Cordilleran Section - 106th Annual Meeting, and Pacific Section, American Association of Petroleum Geologists (27-29 May 2010)

Paper No. 3
Presentation Time: 8:30 AM-12:00 PM

ESTIMATION OF TRUE TAXONOMIC LONGEVITIES FROM OBSERVED FOSSIL RANGES: A COMPARISON OF TWO METHODS


RIVERA, Alexei A., Department of Paleobiology, Smithsonian Institution, Washington, DC 20013-7012, alexei.a.rivera@gmail.com

Many problems in evolutionary paleobiology require adequate knowledge of the times of origination and extinction of taxa. Because of the incomplete and biased nature of the fossil record, however, observed temporal ranges may underestimate true taxonomic durations or longevities.

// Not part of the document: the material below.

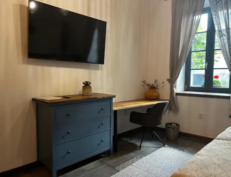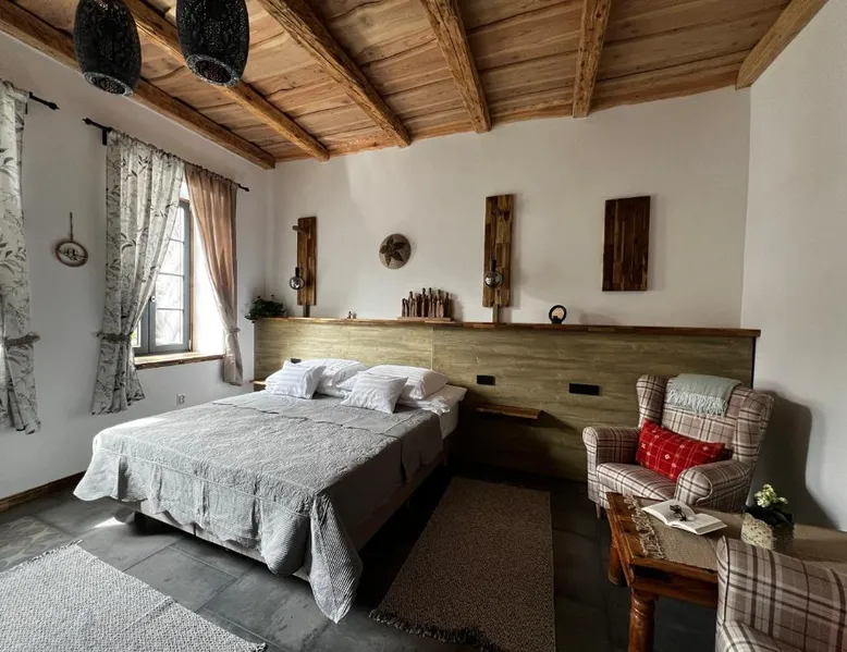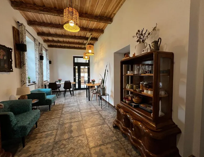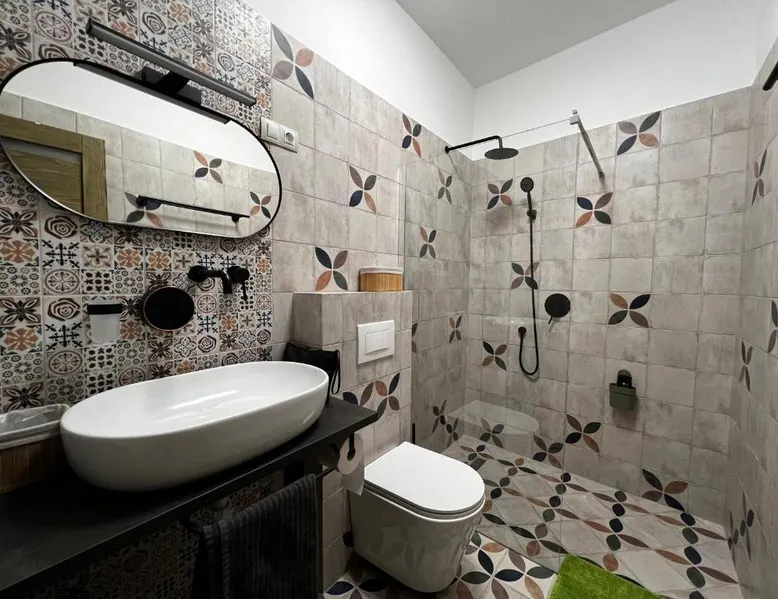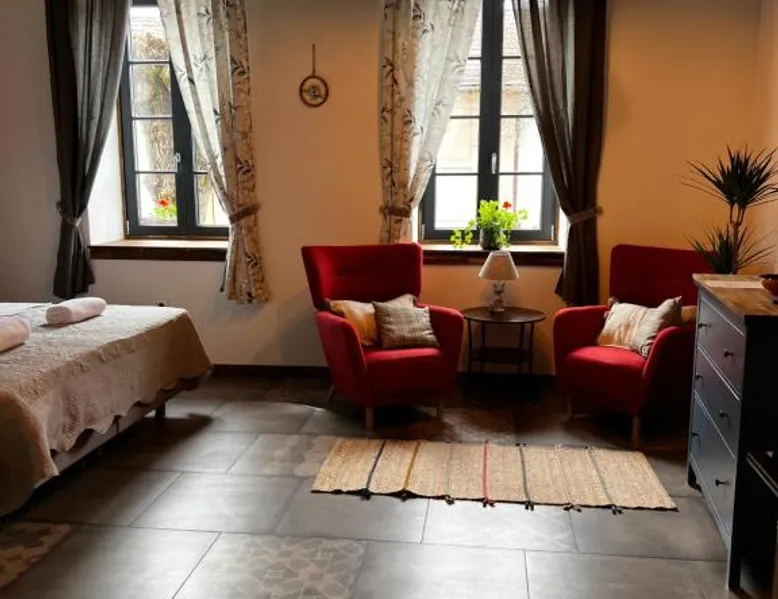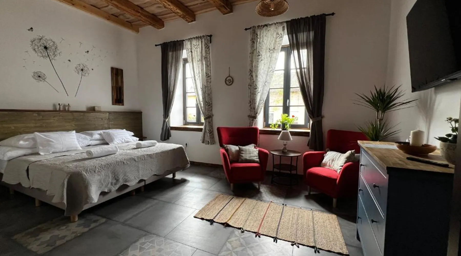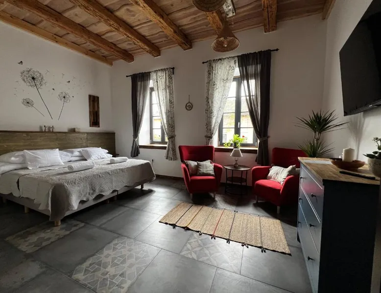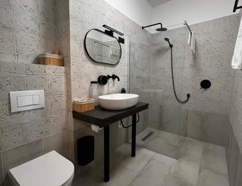 Comfortable Accommodations: Zöldkapu Vendégház in Balassagyarmat offers family rooms with private bathrooms, ensuring a pleasant stay. Each room features a tea and coffee maker, hypoallergenic bedding, and a work desk. Outdoor Spaces: Guests can relax in the garden or on the terrace, enjoying the serene surroundings. The property provides free WiFi, streaming services, and outdoor furniture for outdoor dining. Breakfast and Amenities: A continental breakfast is served daily, including juice, fresh pastries, cheese, and fruits. Additional facilities include a lounge, coffee shop, outdoor seating area, and bicycle parking. Location and Activities: Located 59 mi from Budapest Ferenc Liszt International Airport, the guest house offers walking tours. Free on-site parking and a paid shuttle service are available. Highly rated for its host, room cleanliness, and breakfast. The spacious double room features a private entrance, a tea and coffee maker, a terrace with a quiet street view as well as a private bathroom boasting a walk-in shower.

Several methods estimate the extent of truncation of lower and upper range boundaries, and thus provide a measure of the completeness of the fossil record. The classical approach uses the number of fossil horizons and the length of the observed range to establish confidence intervals on the range endpoints. Its central assumptions are 1) a random distribution of fossil horizons and 2) continuous and uniform sampling of the stratigraphic range, which may preclude analysis of discretely sampled deep-sea drilling cores (e.g., a wide variety of micropaleontological data). A new method incorporates estimates of extinction and preservation rate in a branching model of cladogenesis. This approach has the advantage of requiring only first and last appearance data (making it applicable to commonly used compendia of fossil ranges), and the frequency of singleton taxa. Unlike classical confidence intervals, it also requires an explicit estimate of the number of subtaxa existing during a taxon’s first appearance datum, as well as a formal model of taxonomic diversification. Sufficient sample size is critical; available data may allow the method to estimate the time of origin of Aves but not Archaeopteryx, for example. This method is thus perhaps best suited for estimating the true longevities of higher taxa. Both methods are vulnerable to variable sedimentological regimes; if the disappearance of a taxon merely reflects the closing of a taphonomic window, neither technique can properly estimate its true time of extinction. I compare these two methods using case studies from the fossil records of trilobites, scleractinian corals, inoceramid bivalve mollusks, and titanotheres.